Saturday, May 17, 2008

Nation & World

USN Current Issue

The Rise of the Gay Family

More and more American children are growing up with same-sex parents

By Dan Gilgoff
Posted 5/16/04

"We were afraid people out here would be skeptical of us," says Sheri Ciancia, sipping a glass of iced tea outside the four-bedroom house she and her partner bought last fall in Tomball, Texas, a half-hour's drive from Houston. "Afraid they wouldn't let their kids play with ours."

"But we've got to take chances," adds Stephanie Caraway, Ciancia's partner of seven years, sitting next to her on their concrete patio as their 8-year-old daughter, Madison, attempts to break her own record for consecutive bounces on a pogo stick. "We're not going to live in fear."

A trio of neighborhood boys pedal their bikes up the driveway, say hello to the moms, and ask Madison if they can use her bike ramp. The boys cruise up and down the ramp's shallow slopes while Madison continues bouncing, the picture of suburban serenity. Despite their misgivings about relocating from Houston to this tidy subdivision, the family has yet to encounter hostility from their neighbors. "We have to give straight people more credit," Caraway says with a wry smile. "I'm working on that."

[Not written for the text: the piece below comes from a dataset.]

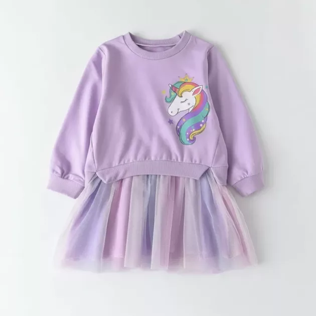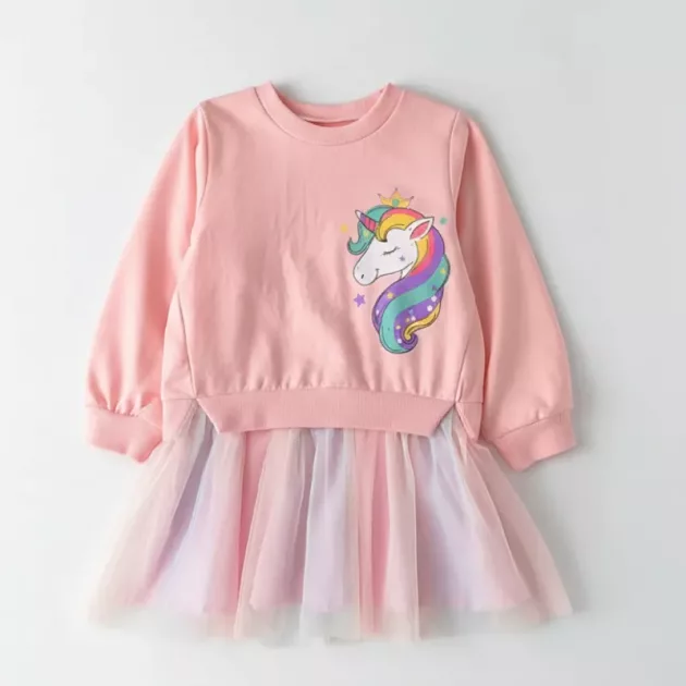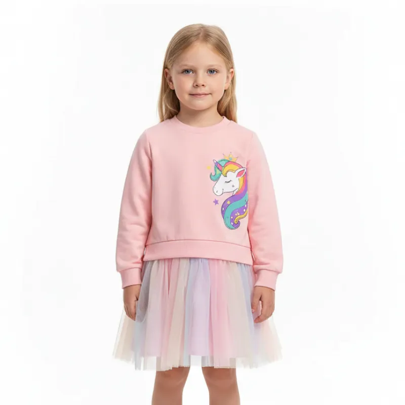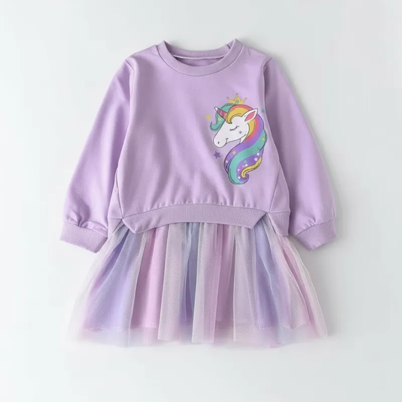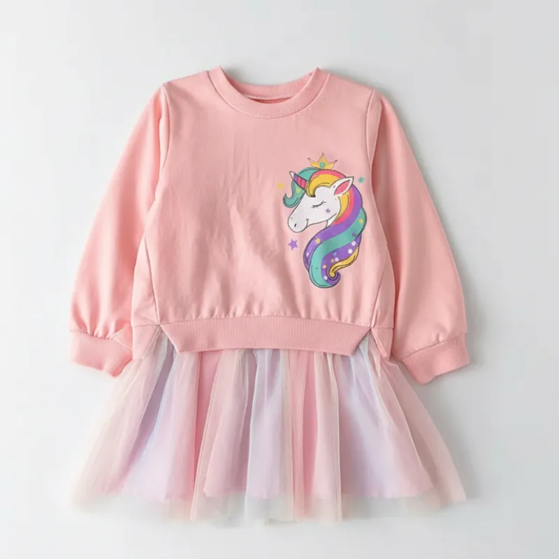 Fake Two-Piece Baumwoll-Einhorn-Langarmkleid für Kinder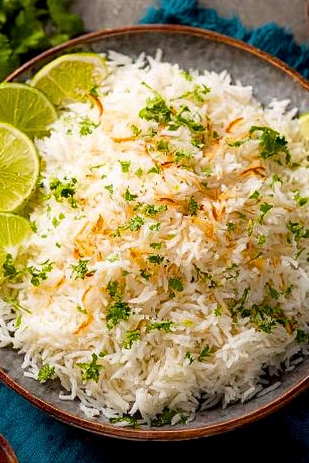 Use a fork to gently fluff the rice. Garnish with fresh chopped cilantro or parsley and lime wedges for brightness.

Tomball--its roads lined with single-room Baptist churches and the occasional sprawling worship complex, known to some locals as "Jesus malls" --may seem an unlikely magnet for gay couples raising kids. A year before Caraway and Ciancia moved here, activists in the neighboring county got a popular children's book that allegedly "tries to minimize or even negate that homosexuality is a problem" temporarily removed from county libraries. So imagine Caraway's and Ciancia's surprise when, shortly after moving in, their daughter met another pair of moms rollerblading down their block: a lesbian couple who had moved into the neighborhood with their kids just a few months earlier.

Growing. Gay families have arrived in suburban America, in small-town America, in Bible Belt America--in all corners of the country. According to the latest census data, there are now more than 160,000 families with two gay parents and roughly a quarter of a million children spread across some 96 percent of U.S. counties. That's not counting the kids being raised by single gay parents, whose numbers are likely much higher--upwards of a million, by most estimates, though such households aren't tracked.

This week, the commonwealth of Massachusetts will recharge the gay-marriage debate by becoming the first state to offer marriage licenses to same-sex couples. The move has raised the ire of conservatives who believe gay marriage tears at the fabric of society--and earned support from progressives who think gay men and lesbians deserve the same rights as heterosexuals. But the controversy is not simply over the bond between two men or two women; it's about the very nature of the American family.

Gay parents say their families are much like those led by their straight counterparts. "I just say I have two moms," says Madison, explaining how she tells friends about her parents (whom she refers to as "Mom" and "Mamma Sheri" ). "They're no different from other parents except that they're two girls. It's not like comparing two parents with two trees. It's comparing two parents with two other parents."